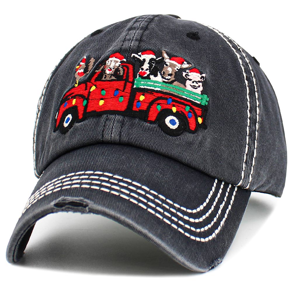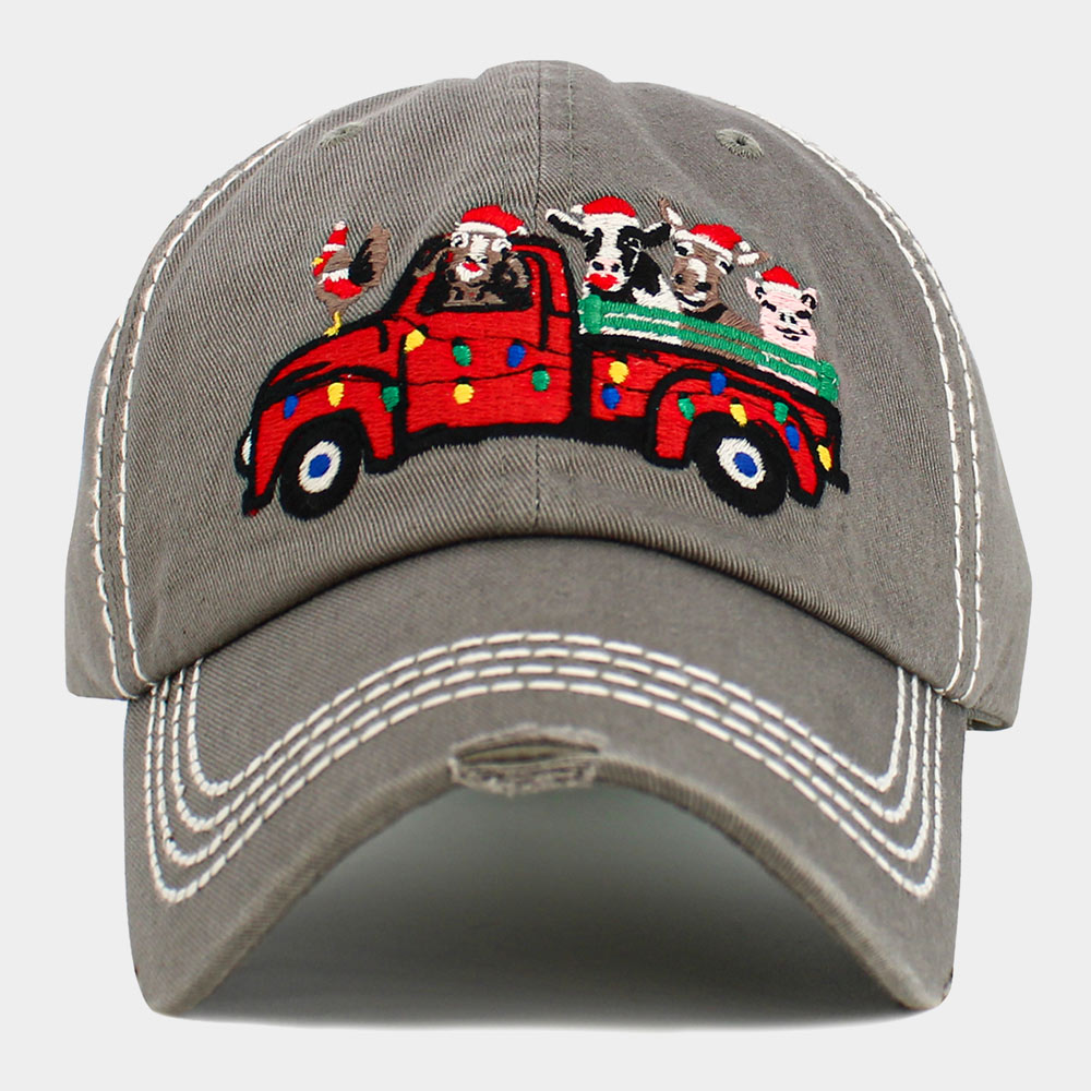Christmas Truck Embroidered Accented Vintage Baseball Cap
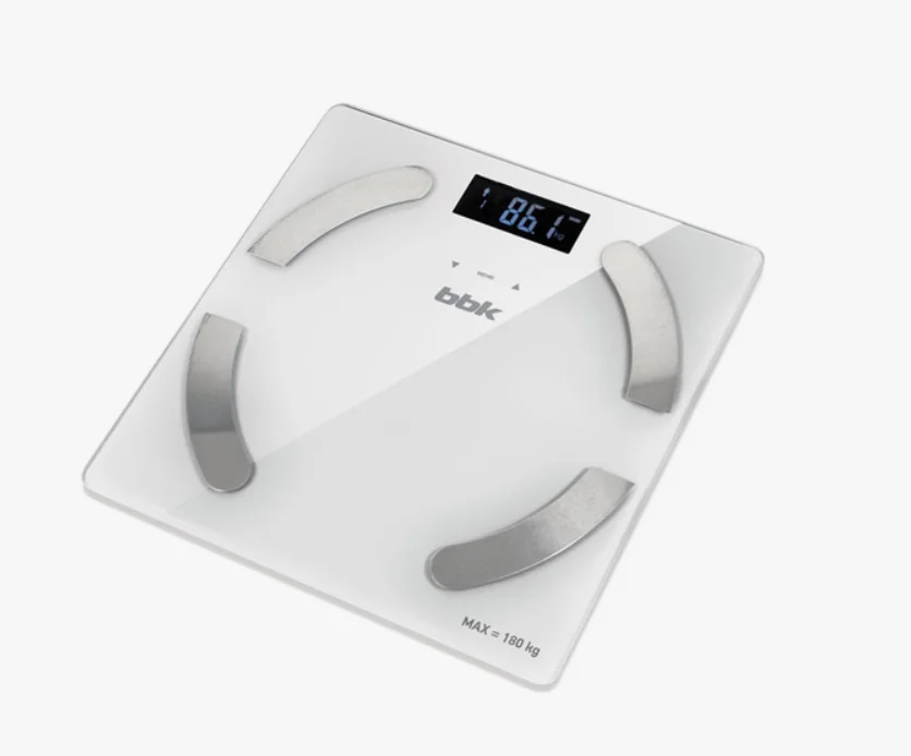 Напольные весы BBK BCS5001GM цвета слоновая кость — умные весы, которые отображают значение веса тела с детальной расшифровкой процентного содержания жира, воды, костной и мышечной массы, а также индекса массы тела и показателя калорий.
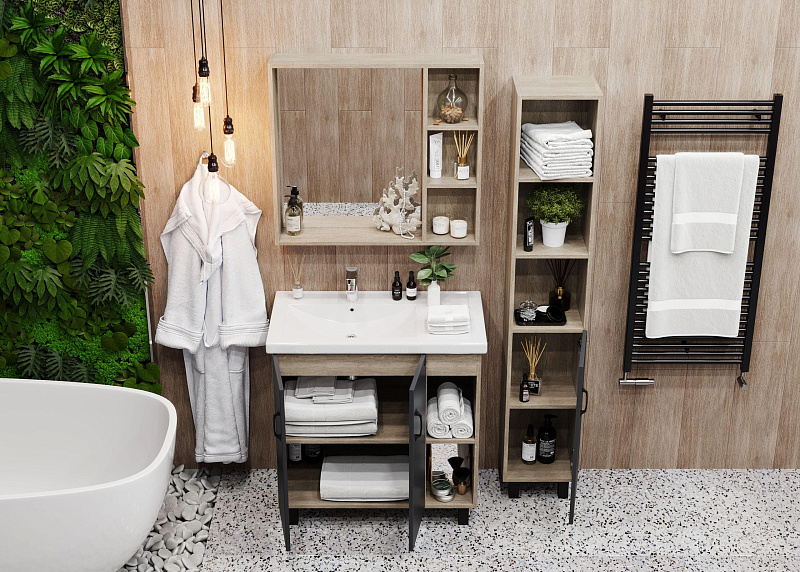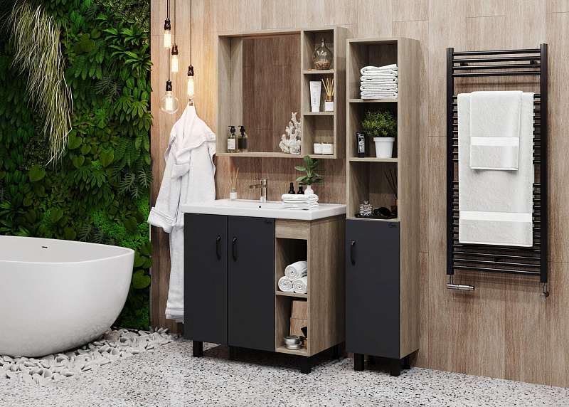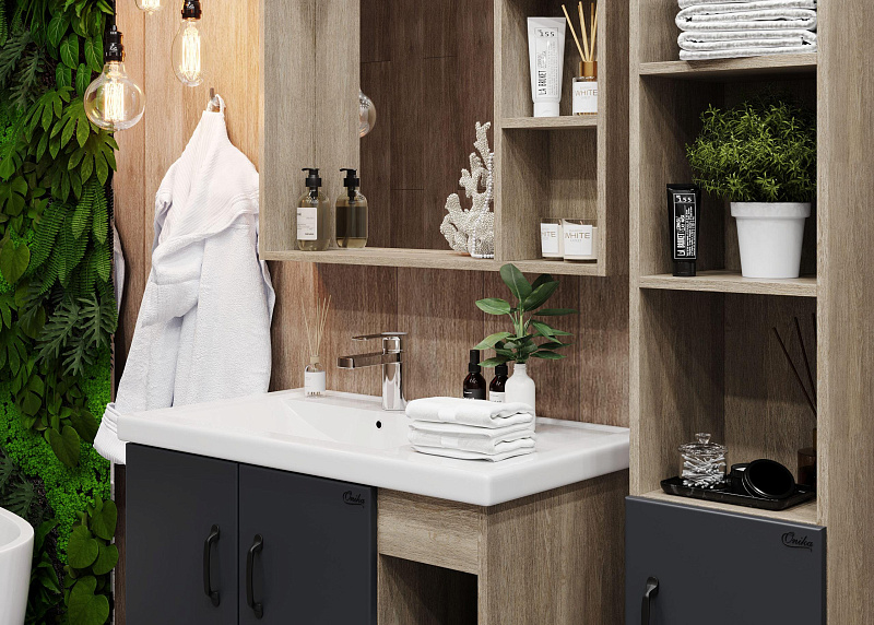 В тумбе Onika ТИМБЕР 80.01 удачно сочетаются контрастные цвета и фактуры: серый матовый фасад с покрытием SoftTouch, корпус цвета дуба с роскошной текстурой, черная матовая металлическая фурнитура.
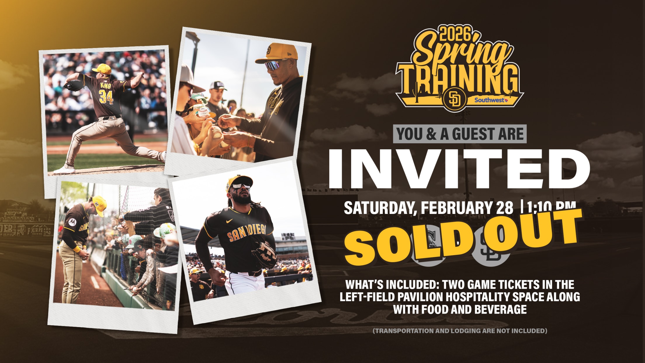 We are excited for baseball to be back and are looking forward to 2026 Padres Spring Training, presented by Southwest Airlines! As a valued Padres Member, you and a guest are invited to join us in Peoria for one of our upcoming Spring Training games at the Peoria Sports Complex:
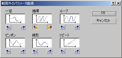 このレイヤのループ オプションにアクセスするには、[範囲外のタイプのパラメータ カーブ](Parameter Curve Out-of-Range Types)ボタンをクリックします。
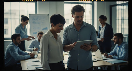 Business people team colleagues in modern office. Man and woman meeting conference and presentation in room.

##############################

● **Activity**
Output exactly the lines from the first line of the records through the line containing "We are excited". Leave out every picture.

● **Solution for this problem**
Christmas Truck Embroidered Accented Vintage Baseball Cap
 Напольные весы BBK BCS5001GM цвета слоновая кость — умные весы, которые отображают значение веса тела с детальной расшифровкой процентного содержания жира, воды, костной и мышечной массы, а также индекса массы тела и показателя калорий.
 В тумбе Onika ТИМБЕР 80.01 удачно сочетаются контрастные цвета и фактуры: серый матовый фасад с покрытием SoftTouch, корпус цвета дуба с роскошной текстурой, черная матовая металлическая фурнитура.
 We are excited for baseball to be back and are looking forward to 2026 Padres Spring Training, presented by Southwest Airlines! As a valued Padres Member, you and a guest are invited to join us in Peoria for one of our upcoming Spring Training games at the Peoria Sports Complex:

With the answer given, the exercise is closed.